Carroll’s daughter, Susan Kay, told The Associated Press her mother died Friday in Los Angeles of cancer.
During her long career, Carroll earned a Tony Award for the musical “No Strings” and an Academy Award nomination for best actress for “Claudine.”
But she was perhaps best known for her pioneering work on “Julia.” Carroll played Julia Baker, a nurse whose husband had been killed in Vietnam, in the groundbreaking situation comedy that aired from 1968 to 1971.
“Diahann Carroll walked this earth for 84 years and broke ground with every footstep. An icon. One of the all-time greats,” director Ava DuVernay wrote on Twitter. “She blazed trails through dense forests and elegantly left diamonds along the path for the rest of us to follow. Extraordinary life. Thank you, Ms. Carroll.”

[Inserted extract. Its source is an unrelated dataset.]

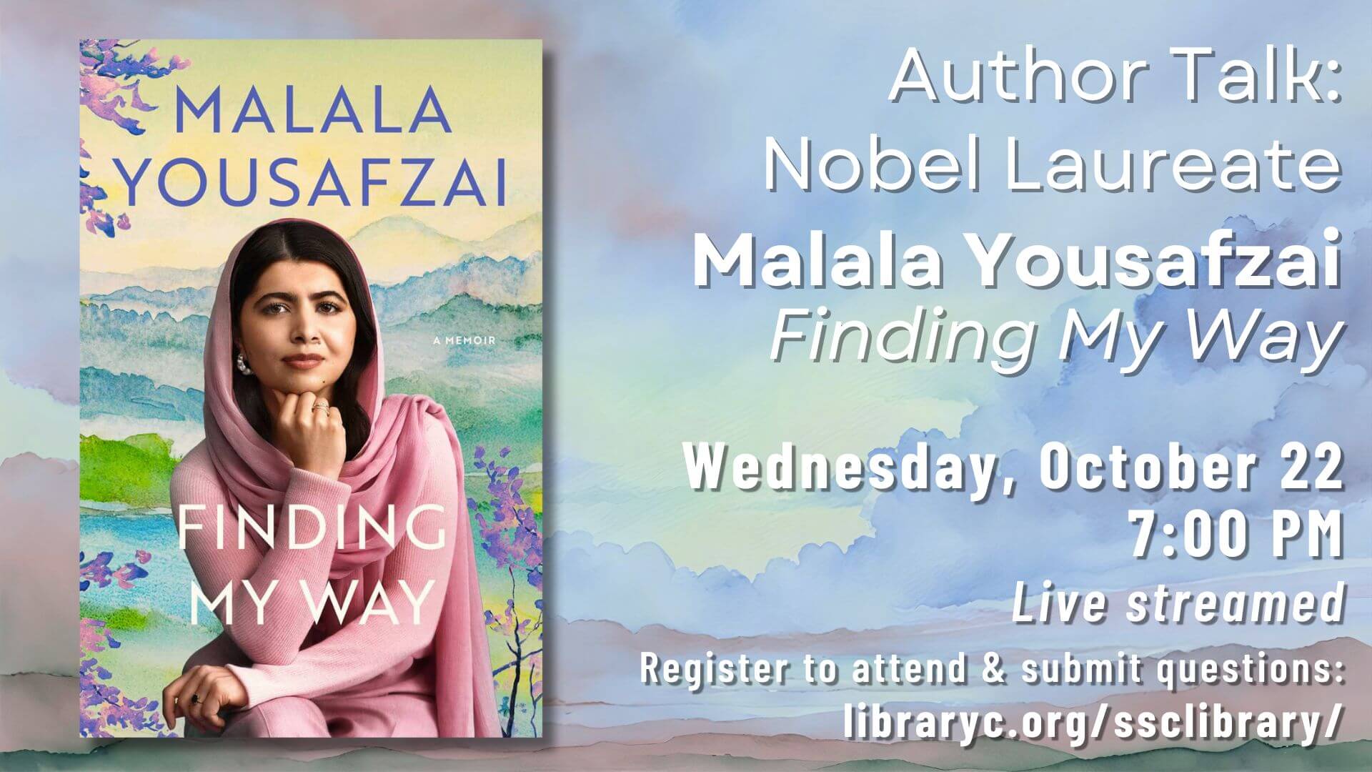 Join us to hear Nobel Peace Prize Laureate Malala Yousafzai talk about her astonishing memoir, "Finding My Way."

NBC executives were wary about putting “Julia” on the network during the racial unrest of the 1960s, but it was an immediate hit.
Her film career was sporadic. She began with a secondary role in “Carmen Jones” in 1954 and five years later appeared in “Porgy and Bess,” although her singing voice was dubbed because it wasn’t considered strong enough for the Gershwin opera. Her other films included “Goodbye Again,” ″Hurry Sundown,” ″Paris Blues,” and “The Split.”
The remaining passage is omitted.